So back to my chat with the mate of my ex-wife’s grandfather who tells me of the day that the three young fishermen found that fishing was slow despite the usual reliability of the Maori calendar – ‘a bit too much swell until the tide came in’ – and the whiskey bottle came out earlier than usual.

Late in the afternoon the bite started and two very large hapuku were hauled in over the rocks. Then a few kingfish – one of them almost dragged one of the fishermen into the sea. Likely because he was off-balance due to excess whiskey consumption. It was time to head home, and the fish were consigned to wet chaff sacks and loaded into the Model A. The fishing protocols included a tikanga prohibition on cleaning and gutting fish by the sea so on the way back into town a river ford was a handy spot to head, gut and fillet the catch. All the meat in one wet sack and the guts, heads, and frames in the other. And of course, a few more whiskeys to celebrate a job well done before the Model A fired up for the final stretch home.

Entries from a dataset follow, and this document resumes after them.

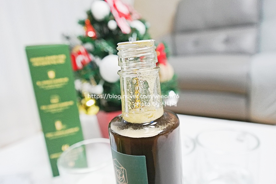 처음 제품을 봤을 때 거품이 있을 수 있어요! 이것은 병에 담는 과정에서 생긴 기포가 배송 중에 흔들리면서 위로 올라와 거품이 생긴 것처럼 보인다고 합니다. 제품 이상이 아니니 걱정하지 말래요.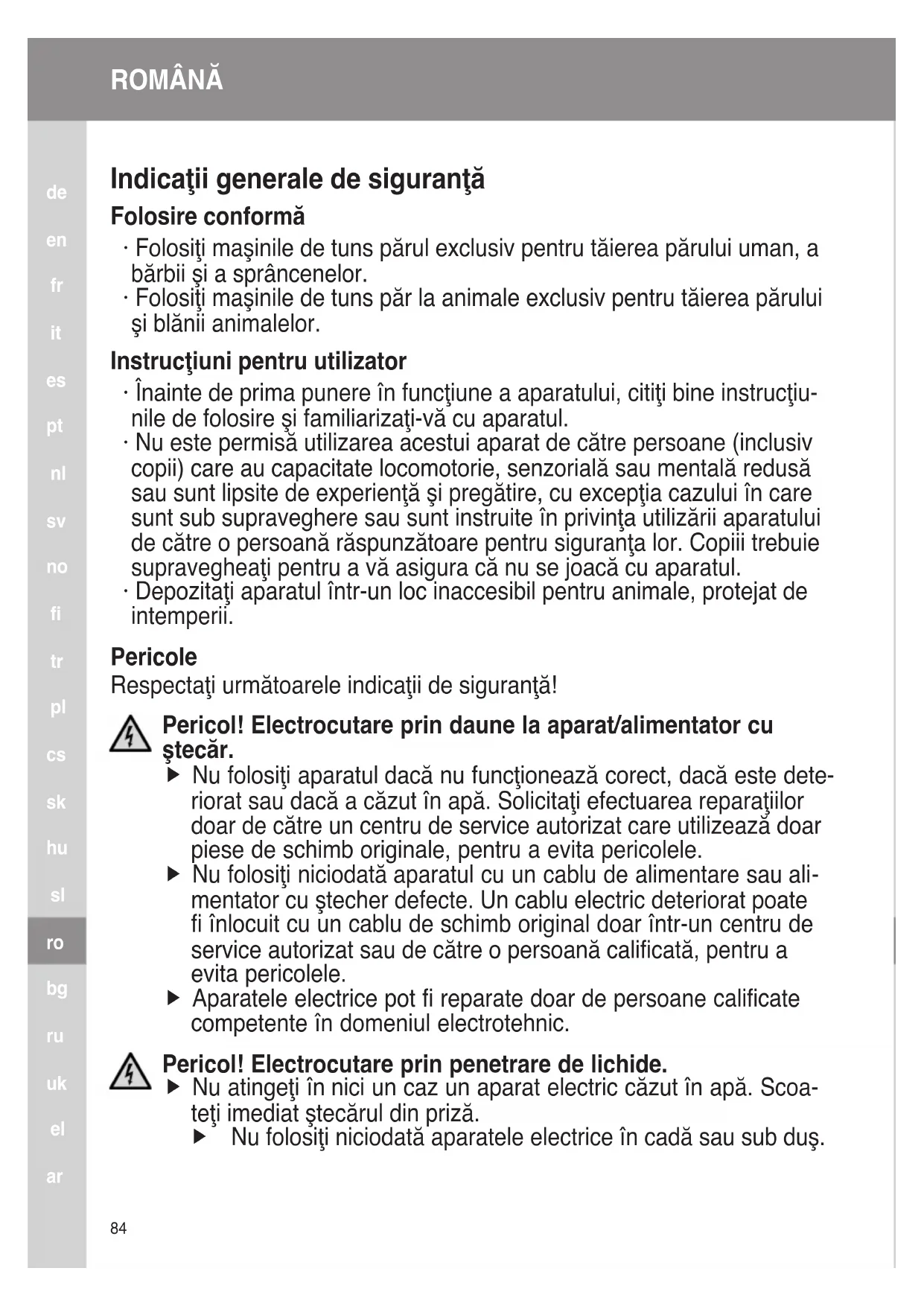 · Folosiţi maşinile de tuns păr la animale exclusiv pentru tăierea părului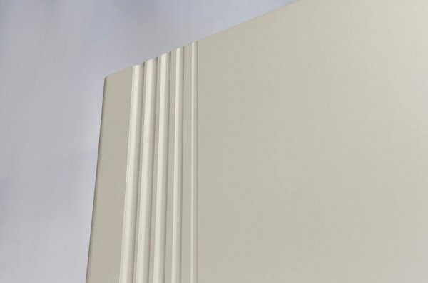 Особое внимание заслуживает фрезеровка фасадов, которая придаёт шкафу изысканный вид. На одной из дверей расположено большое зеркало во весь рост, которое позволит оценить свой образ перед выходом из дома.

One final fishing protocol was to dump the heads and frames over the bank at the top of the last hill as the road left the cost. Steep cliffs, plenty of scavenging seagulls and no-one around to witness the offload. The now well lubricated ex-wife’s grandfather had the disposal job and leapt out of the truck, grabbed the sack of heads, frames and guts and hurled it off the cliff.

Except it wasn’t. It was not the correct sack. When the trio finally made it home an hour or so later they discovered that it was in fact the sack of fillets and steaks that was sent flying. The whiskey had impaired their judgement but totally impaired that of the ex-wife’s grandfather. So, it was hapuku cheeks and roasted frames for dinner, a massive telling off by mothers and grandmothers, and the catalyst for hapuku to be thenceforth known as the ‘whiskey fish’.